Literature DB >> 10219550

Intracoronary shunt insertion prevents myocardial stunning in a juvenile porcine MIDCAB model absent of coronary artery disease.

O E Dapunt1, M R Raji, S Jeschkeit, S Dhein, F Kuhn-Régnier, M Südkamp, J H Fischer, U Mehlhorn.   

Abstract

OBJECTIVE: The relevance of regional LV myocardial ischemia/reperfusion induced by temporary left anterior descending (LAD) coronary artery occlusion during minimally invasive direct coronary artery bypass (MIDCAB) grafting is controversial. The purpose of our study was (1) to determine the impact of conventional LAD occlusion during left internal thoracic artery (LITA)-LAD anastomosis on regional LV myocardial ischemia and function, and (2) to evaluate if intra-LAD shunt insertion during LITA-LAD anastomosis prevents potential regional LV ischemia and dysfunction in a pig model.
METHODS: In 20 anesthetized, mechanically ventilated pigs we performed LITA-LAD anastomosis on the beating heart without cardiopulmonary bypass during either 15 min LAD occlusion (occlusion-group; n = 10) or 15 min intra-LAD shunt insertion to maintain blood supply to the myocardium beyond the anastomosis (shunt-group; n = 10). Besides standard hemodynamics we determined the global and regional LV wall motion score index (WMSI) using epimyocardial echocardiography. To quantitate structural myocardial alteration we determined the inducible heat-shock protein-70 (HSP-70) in LV anterior wall myocardial biopsies. Data were recorded at baseline, at 15 min of LAD occlusion or shunt insertion, respectively, and at 30 min of reperfusion.
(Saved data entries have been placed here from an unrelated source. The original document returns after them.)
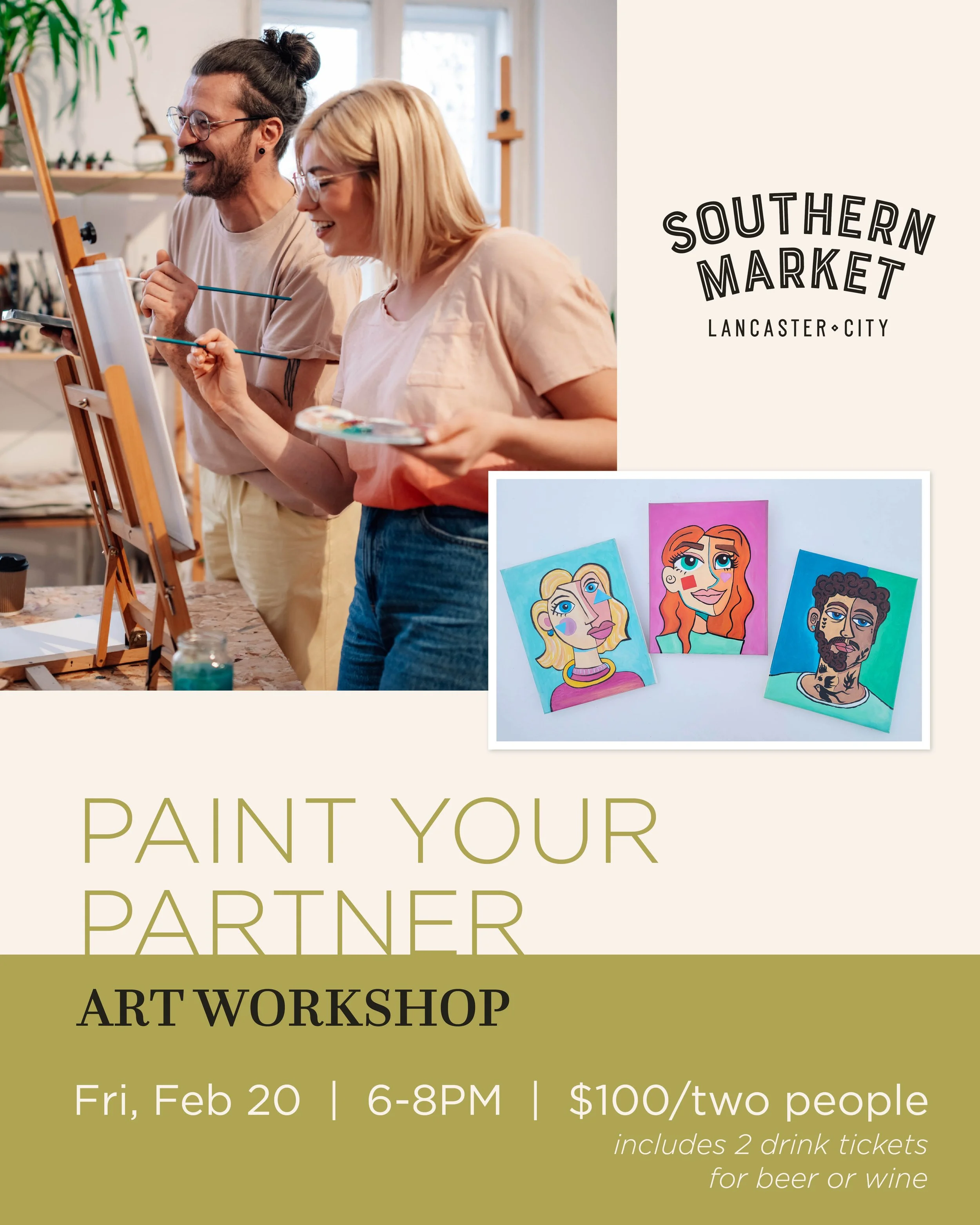 Paint, sip, and laugh your way through a creative night out at Southern Market! Join us on Friday, February 20, from 6-8PM for an evening where couples, friends, or family take turns painting one another—no art experience required. This workshop is intentionally not about realism or perfection but all about bold colors, expressive shapes, and having fun.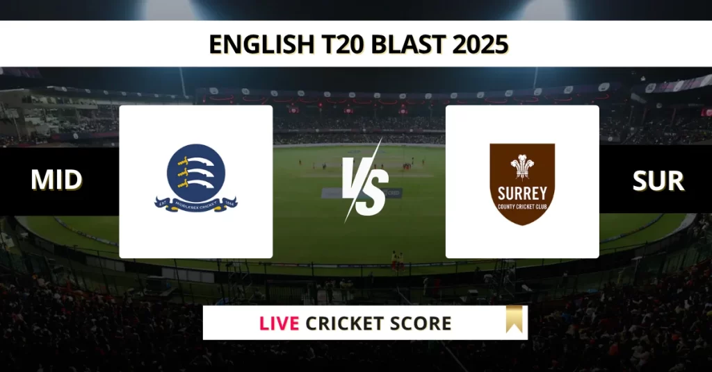 Get Live Score update of MID vs SUR: Track the live match updates, scorecard, and key moments from Match 114 of English T20 Blast 2025 happening at Lord’s today, July 16, 2025, 10:45 PM IST.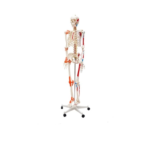 Confeccionado em PVC, com pintura feita à mão e cores realisticas. Apresenta alta fidelidade anatômica, Articulações com Ligamentos do lado direito, Inserções e origens Musculares do lado esquerdo (Pintadas em Vermelho e Azul).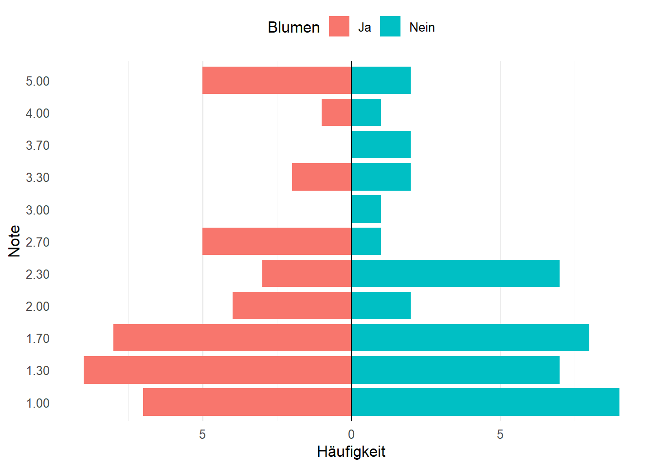 Leider hatten die Blumen nicht den erhofften Effekt tendenziell zeigen die Mittelwerte in die entgegengesetzte Richtung. Diese Tendenz ist aber sehr wahrscheinlich ein Zufallsbefund. Auch waäre es überraschend, wenn die Stressreduktion durch Blumen sich sofort und deutlich in den Noten niederschlagen würde.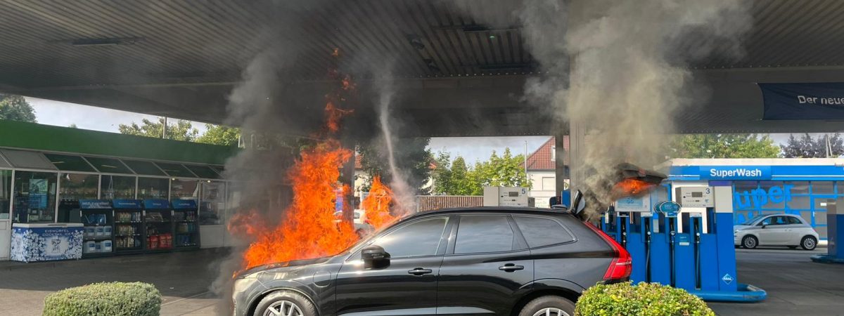 Pkw-Brand an ARAL-Tankstelle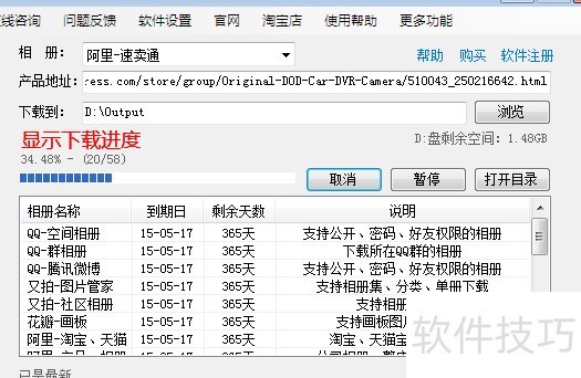 12、 该软件不仅能下载阿里速卖通的商品图片,还支持从多个主流平台批量获取图像资源,包括又拍图片管家、又拍相册、花瓣网、QQ空间及群相册、百度空间、百度贴吧的图册与图片、新浪微博和新浪博客相册、网易相册、POCO摄影社区、人人网相册,以及淘宝、天猫商品详情图和阿里相册等。功能丰富,覆盖广泛,因篇幅所限,此处不作深入展开,感兴趣者可自行探索使用。

At the end of the experiments we determined myocardial adenine nucleotide (ATP, ADP, AMP) and glycogen content.
RESULTS: In both groups WMSI was not significantly different at 15 min LAD occlusion or shunt insertion, respectively, as compared to baseline. However, at 30 min reperfusion both global and regional WMSI demonstrated significant LV dysfunction in the occlusion-group, whereas LV function in the shunt-group remained normal. This was associated with higher myocardial HSP-70 expression in the occlusion-group (P < 0.05). Myocardial adenine nucleotide and glycogen contents were significantly better preserved in the shunt-group.
CONCLUSIONS: Our data show that in a porcine MIDCAB model 15 min LAD occlusion and 30 min reperfusion result in significant myocardial stunning. In contrast, maintenance of LAD perfusion using intracoronary shunt insertion minimizes ischemia/reperfusion injury and prevents regional LV dysfunction. Although our experiments were conducted in healthy pig hearts absent from coronary artery disease, similar results may--at least partially--be expected in humans, and thus, intracoronary shunts could be a useful tool for myocardial protection during 'off-pump revascularization'.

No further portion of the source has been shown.